For instance, in the firing in Shopian district of Jammu and Kashmir by the armed forces for saving army officers and their arms from a violent mob, three civilians had been killed. An FIR was filed against the armed forces under Sections 302 and 307 of the Indian Penal Code for an attempt to murder and murder. But it was held that the army could use their special powers under the AFSPA and also it was notified that the state police department couldn’t have filed an FIR against army personnel. Then the report of a youngster of Anantnag in Kashmir was tortured and interrogated as he was under the suspicion of being a militant. One minor girl from Palhalan was brought in for interrogation of the whereabouts of her neighbour and in that process, she was stripped naked and almost beaten to death. The list of such brutalities that go unchecked is never-ending till date. More than 90 percent of such brutalities are ignored and not reported. 

Suggestions

Some viable suggestions for better working of the AFSPA could be:

  1. Section 4(a) which is completely against the scope of international human rights that protects the right to live should be repealed or amended.
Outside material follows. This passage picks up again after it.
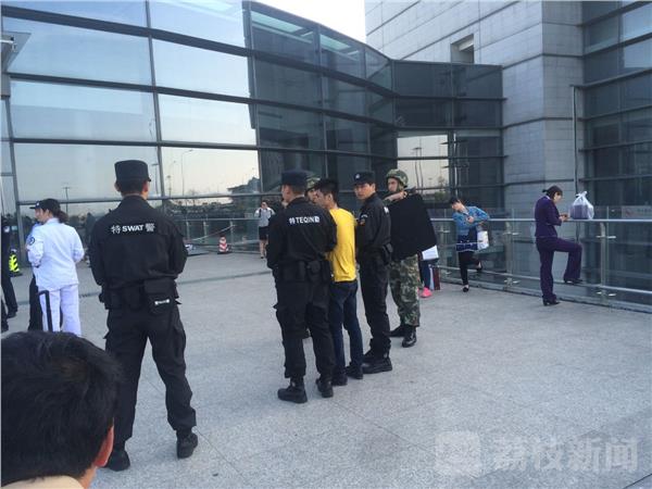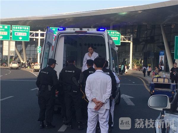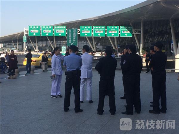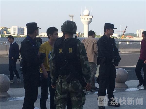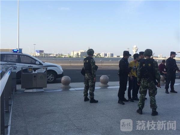 昨天(9日)下午,在南京禄口机场送站平台交通中心门口,荔枝新闻网友发现有不少围观旅客,公安、武警、特勤、医护人员均在现场,有一名年轻人被两位特勤挟持住,不让他乱动。

It also violates the principles upheld by criminal justice, that is the assumption of innocence until one is proven to be the offender. When the armed forces are called to take control of the disturbed areas, the power conferred upon them of using unconditional force as per Section 4, validates the commission of extrajudicial killings which is inconsistent with Article 246 of the Indian Constitution read with the 7th Schedule that places ‘Law and order’ under the State’s list. Therefore, it is Ultra vires. 
  2. Section 5 of the Act should be consistent with Article 22 of the constitution under which it is compulsory to present an arrested person in front of the Magistrate within 24 hours. 
  3. The scope of Section 6 should be increased to keep a close check on the armed forces and stop them from committing inhumane and heinous crimes against innocent civilians. The sanction of the Central Government shouldn’t be waited for, maybe a special committee could be formed to begin enquiries straight away without any delays or prejudices against anyone. 
  4. The suggestion put forth by the Sarkaria Commission of the states to develop their system of maintaining and dealing with public order and also as per the recommendations of the National Police Commission of deploying the Central Reserve Police force for day to day policing instead of engaging the army and paramilitary forces should be looked into and so on. 

Conclusion

The reason for which the AFSPA was introduced even after the colonial rule was to protect the country from enemies and anti-national uprisings. But has the Act been implemented for that work till date? Through the years, the list of crimes and inhumane activities committed by the Armed forces have broken records. Instead of protecting the nation’s people, it has been exploiting them ruthlessly. Even if on one side it has successfully stopped uprisings and enemies from infiltrating the country, on the other side it has become a reason to invite the vengeance of the people of the nation and give birth to greater anti-national uprisings. So, what really needs to be done is keeping a good and strict check on the officials, amend the laws and introduce rigorous punishment for such offences. It is also important to introduce limitations for the unconditional power of the Armed forces and introduce a greater role for the Supreme Court to attain justice.